Hotelschool The Hague offers a single Bachelor Programme on its campuses in The Hague and Amsterdam. The programme is taught in English for both national as well as international students. The four-year bachelor's course results in an internationally recognised Bachelor of Business Administration in Hotel Management.

The Bachelor Programme is a business study set in the context of hospitality, where students learn about hospitality from a strategic, tactical and operational perspective and participate in two internships abroad.

The university offers a Fast Track Programme for students with a previous qualification in hospitality-related studies. The first two years of the regular Bachelor Programme are replaced by a four-week programme in the summer, with the rest of the course equal to the regular course.
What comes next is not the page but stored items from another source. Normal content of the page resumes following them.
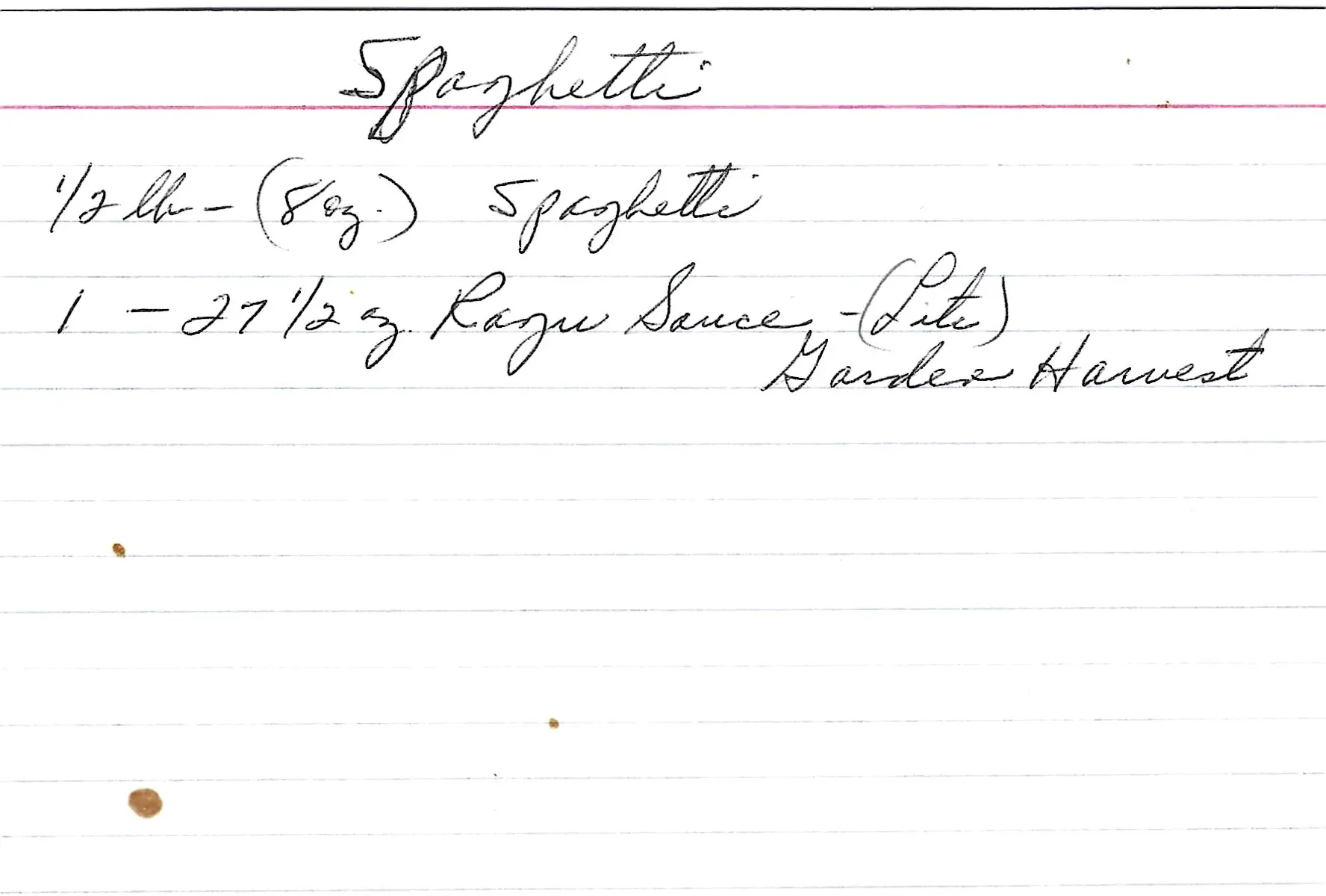 | 1 (27.5 ounce) jar | Ragu Lite Garden Harvest Sauce |
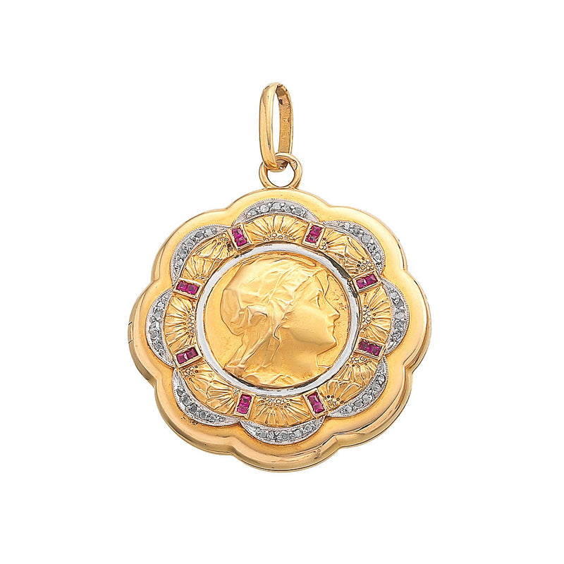 18ct yellow gold round locket with scalloped edge, a face in profile to the centre, a border of sunflowers separated by square cut rubies and a further scalloped border of rose cut diamonds in white gold with mill grain edging, opening to reveal two photo compartments, from a simple oval bail.
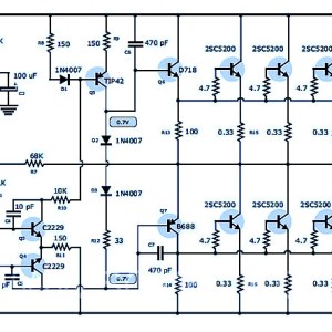 This is the schematic design of 300 Watt 724 Volt amplifier capable to deliver about 400W RMS power output in single channel. The component part list, PCB layout design and component placement layout is provided in this post. The power supply module already included ini the PCB design. The components are easily found in market. This circuit is using 8 transistors of 2SC5200 mounted in PCB, the heatsink is required and should be mounted in the power transistors to prevent overheat and maintain the amplifier’s good performance.
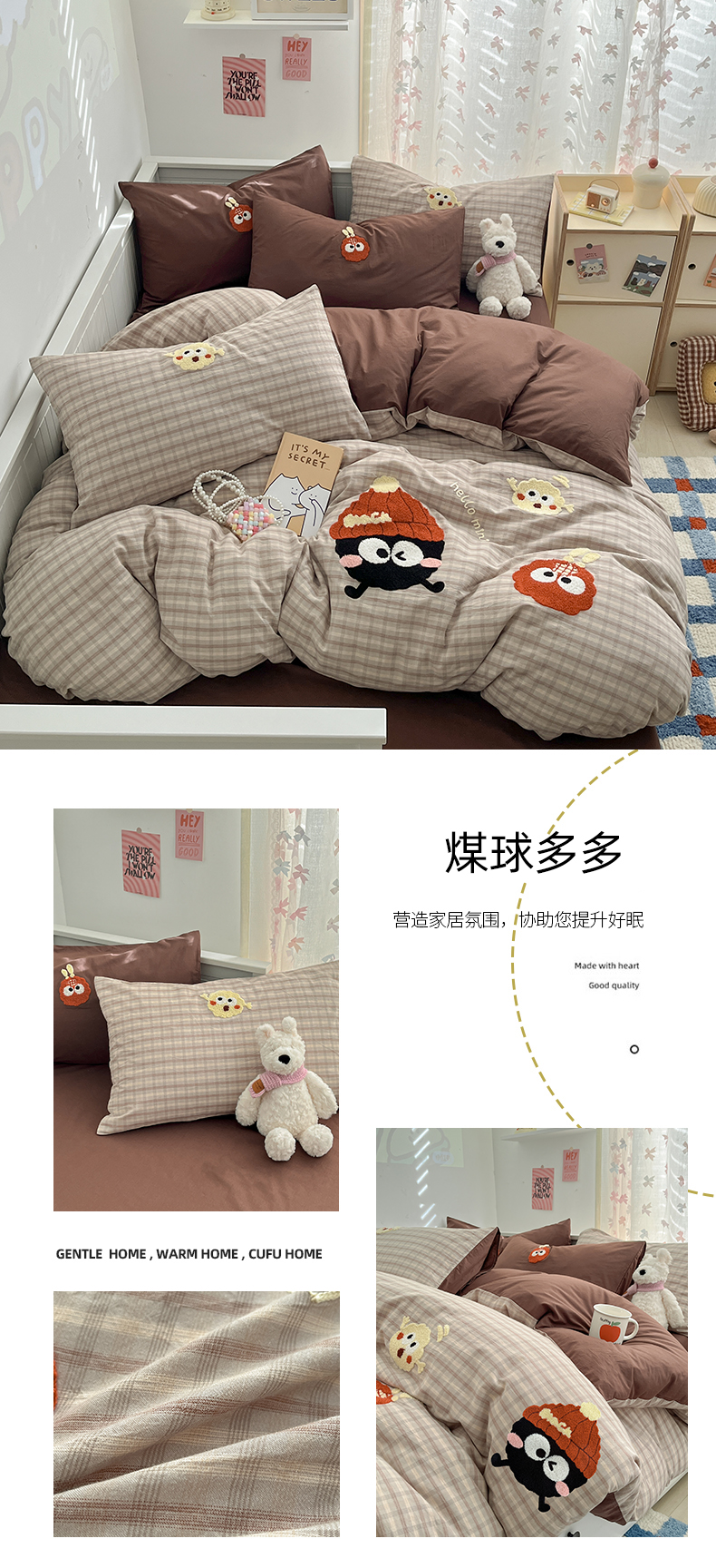 商品名称:呗旺鹿 2025新款A类全棉色织水洗棉毛巾绣系列四件套 煤球多多
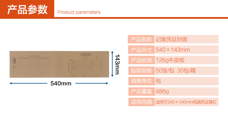商品名稱:浩立信電腦記帳憑證封面540*143mm50張/包 大號(hào)憑證封面(適用240*140MM憑證)0021

===MBA in International Hospitality Management===
Hotelschool The Hague offers a 13-month full-time MBA Programme with a focus on business development, concept innovation and change management. In 2017, the MBA has been ranked Best Master of Business in the Netherlands.

==International reputation==
The course programmes have been accredited by the Accreditation Organisation of The Netherlands and Flanders (NVAO). In 2012, the Bachelor Programme was accredited with an 'excellent' score for 11 out of 16 quality dimensions (objectives of the education, curriculum, personnel & faculty, facilities, quality management and results of the programme).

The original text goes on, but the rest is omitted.